Semua lancar. Sampai hujan ini turun begitu derasnya tanpa ada rasa iba pada mereka sama sekali. Perkemahan masih sekitar sembilan ratus meter lagi dan tidak mungkin mereka kembali dengan cuaca seperti ini.

Tiga remaja dari tiga angkatan yang berbeda jelas saja mengeluh. Sudah terhitung empat puluh lima menit sejak mereka berdiri di gubuk ini. Rasanya pegal. Malvin bahkan sejak tadi sudah berjongkok sambil terus saja mengomel.

Berbeda dengan Frans dan Aksa. Dua sejoli itu memilih diam dengan ekspresinya masing masing.

Frans sedang berusaha mengingat sesuatu. Dia sudah berpikir begitu lama. Lagi lagi, ada sesuatu yang mengganjal dalam otaknya. Dan lagi lagi juga, Frans tak bisa ingat.

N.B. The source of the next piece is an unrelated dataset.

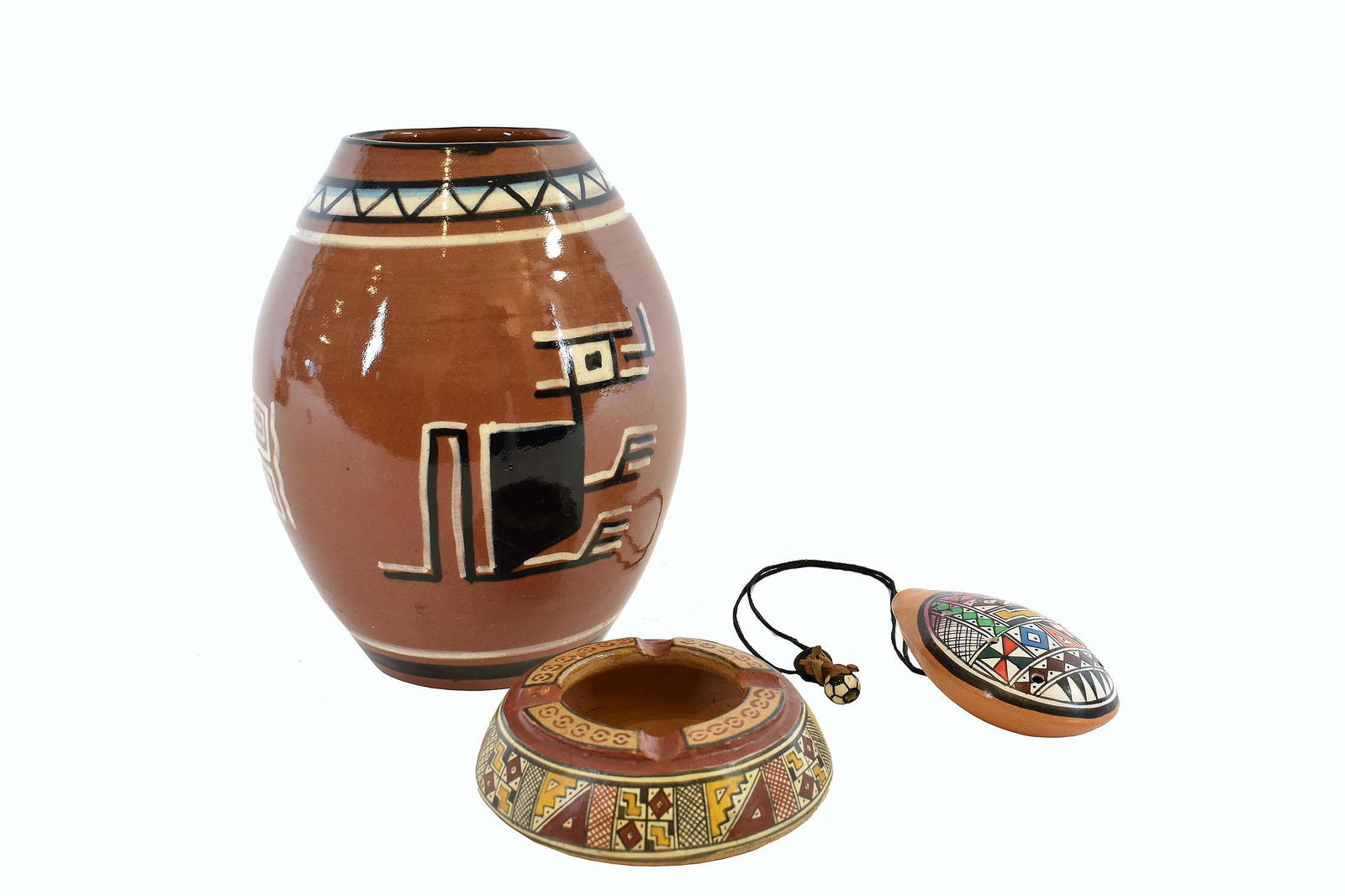 THREE PERUVIAN PAINTED POTTERY ITEMS

Jika boleh jujur, Frans suka dengan suasana saat ini. Dia juga tidak mengeluh sama sekali. Malah berharap bisa berlama-lama tanpa peduli dengan jarum pendek jam tangannya yang terus saja bergerak turun.

Sedangkan perempuannya tak henti tersenyum sambil menikmati siraman hujan yang mendarat di telapak tangannya. Aroma hujan, tanah, dan dedaunan basah bercampur jadi satu. Dan Aksara suka hal itu. Bukan tanpa sebab. Tetapi karena kejadian di masa lalu yang membuatnya begitu merindukan suasana ini.

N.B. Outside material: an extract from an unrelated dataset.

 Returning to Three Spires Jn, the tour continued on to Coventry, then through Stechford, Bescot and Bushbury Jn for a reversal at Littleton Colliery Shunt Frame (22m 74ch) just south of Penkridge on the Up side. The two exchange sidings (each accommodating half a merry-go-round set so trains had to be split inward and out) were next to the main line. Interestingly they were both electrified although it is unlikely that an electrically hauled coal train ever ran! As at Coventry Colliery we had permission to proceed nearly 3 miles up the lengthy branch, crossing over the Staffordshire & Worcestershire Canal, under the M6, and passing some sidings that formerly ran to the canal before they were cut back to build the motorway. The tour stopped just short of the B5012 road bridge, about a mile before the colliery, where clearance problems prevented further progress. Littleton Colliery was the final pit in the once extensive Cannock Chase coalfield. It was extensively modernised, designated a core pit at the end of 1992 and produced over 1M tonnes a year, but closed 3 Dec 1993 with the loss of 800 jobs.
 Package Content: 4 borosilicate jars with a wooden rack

Aksa melirik lelaki disampingnya sambil terus saja tersenyum. Ia diam. Bukan karena Aksa tidak ingin bicara. Namun lebih karena harapan bahwa Frans akan mengingat sesuatu. Seharusnya bisa begitu. Atau setidaknya, sahabatnya bisa merasakan sesuatu.

Tentang hutan, hujan, dan aroma tanah yang menyeruak masuk indra penciuman.

Kenangan buruk yang saat ini begitu Aksa rindukan. Juga Frans, tanpa pria itu sadari. Salah satu kenangan paling berkesan diantara mereka berdua.

"Apa?"

Aksa semakin melebarkan senyumnya. Dia benar. Ada sesuatu yang berusaha Frans cerna dalam dirinya sendiri. Bagaimana tidak? Biasanya Frans tidak akan peduli ketika diperhatikan oleh Aksa. Perempuan itu mengoceh pun Frans tidak peduli. Dan sekarang malah bertanya lebih dulu.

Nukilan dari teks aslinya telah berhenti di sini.